The task →
Beginning with the line containing "Gold Tone Cz" and going on through the line containing "DESCRIPTION FROM ELISA: Boy", the lines below are to be returned exactly, pictures excluded and nothing added.

Input →
__________

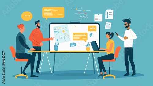 © Beer AI, Fototapeta premium Team Brainstorming and Planning on Whiteboard in Office
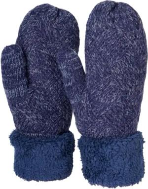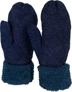 Damen warme Winter Strick Fäustlinge, Handschuhe mit Rauten Muster, Thermo Fleece, Strickhandschuhe 09010031, Farbe:Dunkelblau meliert
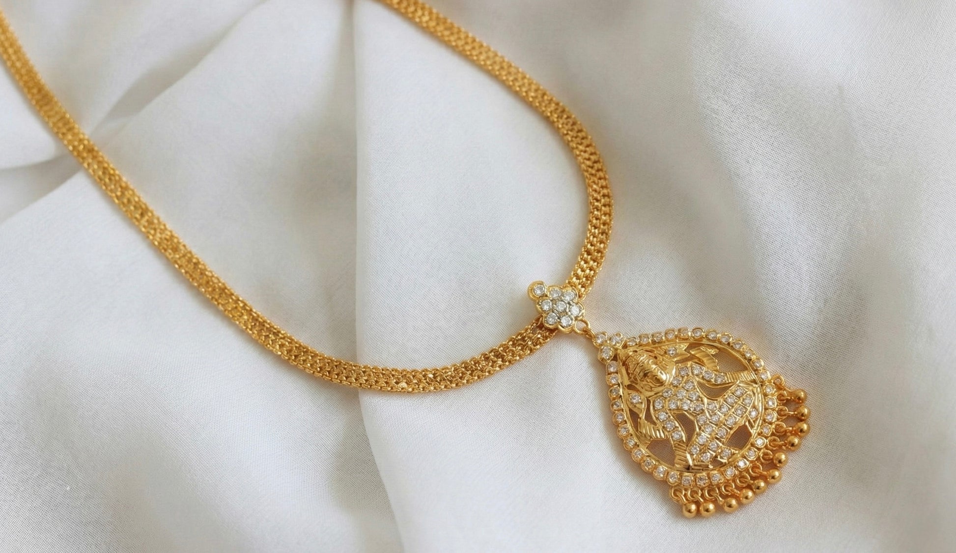 Gold Tone Cz White Lakshmi South Indian Style Necklace/Attigai DJ27247
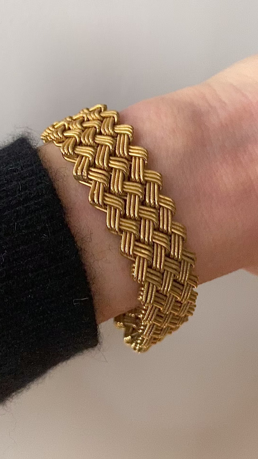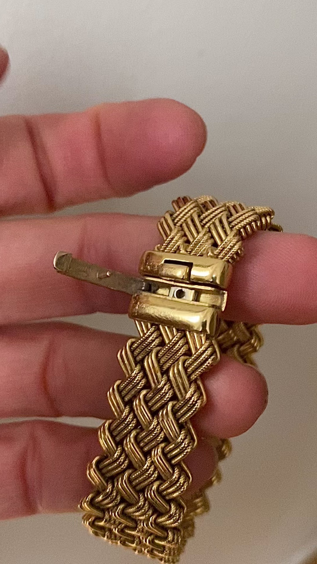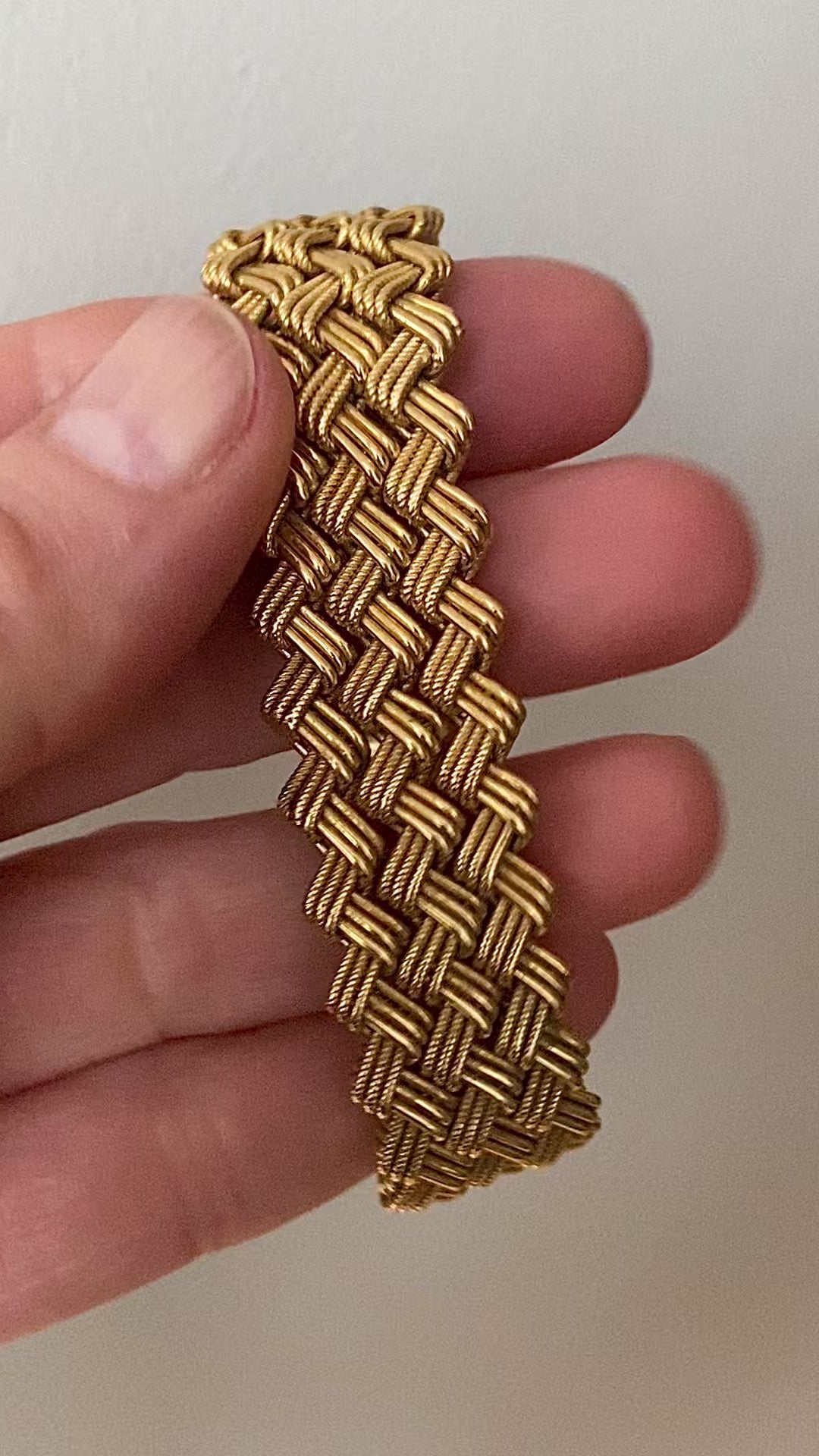 DESCRIPTION FROM ELISA: Boy do I love this bracelet: the woven pattern, the slinkiness, the color of the 18K and the wonderful feel on the wrist! I wanna keep it. Been hoarding it. Been wearing it. But gonna reluctantly let it go.
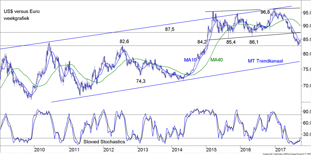 Copyright Vladeracken een pullback. En bij de $-koers, gemeten in € is hier sprake van. De koers zakte afgelopen kwartaal zonder veel moeite uit het trendkanaal dat u rechtsboven in figuur 5 getekend ziet. Vervolgens bereikte de koers het steunpunt dat wordt gevormd door de toppen uit 2010 en 2012 op 82,6. En nu veert de koers weer op (wordt de $ dus weer sterker) en moet verwacht worden dat wij een rallyEen fikse stijging van het koersniveau die volgt op een daling of op een consolidatie.

__________

Your response →
 Gold Tone Cz White Lakshmi South Indian Style Necklace/Attigai DJ27247
 DESCRIPTION FROM ELISA: Boy do I love this bracelet: the woven pattern, the slinkiness, the color of the 18K and the wonderful feel on the wrist! I wanna keep it. Been hoarding it. Been wearing it. But gonna reluctantly let it go.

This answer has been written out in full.